Kurzweil as sire to his father

An extended interview with futurist Ray Kurzweil, published today as part of the Financial Times’ “Breakfast with the FT” feature series, develops an intriguing riff on his well-known dedication to vanquishing disease and facilitating a future in which people can live, if not forever, then longer than they do now. It appears that a very personal prototype for his deliberations in this area is his own father, who died of heart disease almost half a century ago when Kurzweil was still a young man. He speaks of his ambition to create an avatar of his father built out of all the memories, information and artefacts he retains all these decades later, rendering a Kurzweil Senior “more like my father was than he would have been, had he lived.”

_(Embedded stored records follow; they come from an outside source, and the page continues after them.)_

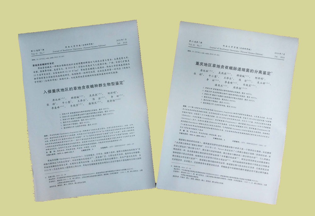 草地贪夜蛾是一种联合国粮农组织全球预警的重大洲际迁飞性农业害虫,自2019年1月从东南亚侵入我国云南、广西以来,已经向北迁飞蔓延了19个省市自治区,主要危害玉米、高粱等大宗粮食作物,危害巨大。该虫快速迁徙引起了国务院的重视,近期农业农村部专门召开了草地贪夜蛾的防控会议,国内许多科研院所也纷纷投入人财物对该害虫进行研究。自今年5月初草地贪夜蛾在重庆发现以来,学校家蚕基因组生物学国家重点实验室潘国庆研究员课题组迅速行动,在重庆市各级农业部门的大力配合下,第一时间从各区县收集虫样,快速开展了草地贪夜蛾生物型和肠道菌群的研究,希望能为我国草地贪夜蛾的综合防控提供第一手的详实数据。《bat365正版唯一官网学报(自科版)》关注学术热点研究,积极服务于学校重点科学研究,与该课题组紧密合作,及时调整出刊计划,组织精干编辑认真、高效完成了稿件的评审、编辑工作,仅仅用一周时间,课题组两篇关于草地贪夜蛾的最新研究成果《入侵重庆地区的草地贪夜蛾种群生物型鉴定》、《重庆地区草地贪夜蛾肠道细菌的分离鉴定》通过该学报于7月4日在中国知网优先发表,及时发布了国家急需的草地贪夜蛾相关研究报告,为治理草地贪夜蛾提供了基础数据。
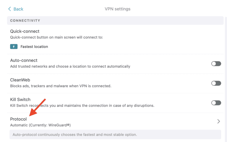 - 選擇 ”VPN 設置,“ 其次是 ”協定”。
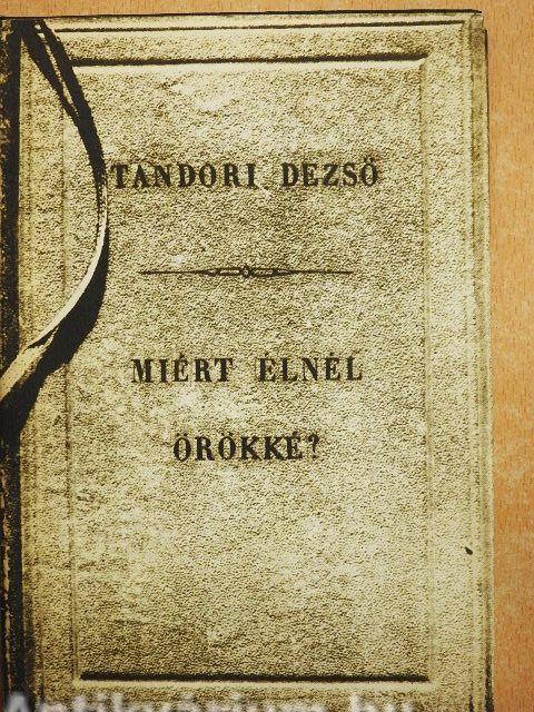 Tandori Dezsőnek van egy - a nyilvánosság előtt még be nem vallott - kedvenc elképzelése a "tökéletes" krimiről, amely azáltal lenne tökéletes, hogy nincs benne bűntény. Persze, azért felvonultatná az összes szokásos izgalomkeltő eszközt a helyes megoldás minél nehezebb megfejtése érdekében. A Miért élnél örökké? nem krimi, viszont olyasfajta regény, "amiben nincs" regény, a szónak sem a hagyományos, sem pedig a legszélsőségesebb értelmében. Érzelmi, lélektani és intellektuális "nyomozás" ez, amit D'Oré (az író) folytat a címben feltett kérdés válaszának a kiderítéséért.

There should be at least two distinct and serious pauses for reflection here. The first is the titanesque reputation of a thinker who has done so much in becoming by general reckoning the world’s “father of AI”. Ray Kurzweil talks persuasively of the coming revolutions in biotechnology and molecular nanotechnology that will facilitate the reprogramming and rebuilding of the entire human animal.

And the second is the possibly fathomless depths of the power of filial devotion.

One of the less reflected upon areas of cognition is the extent to which what we know, and how we know it, is impossible to qualify. To the extent that anyone who has been substantively lost to the world has become increasingly disengaged from all that made him who he was, what world would need recreating to restore him?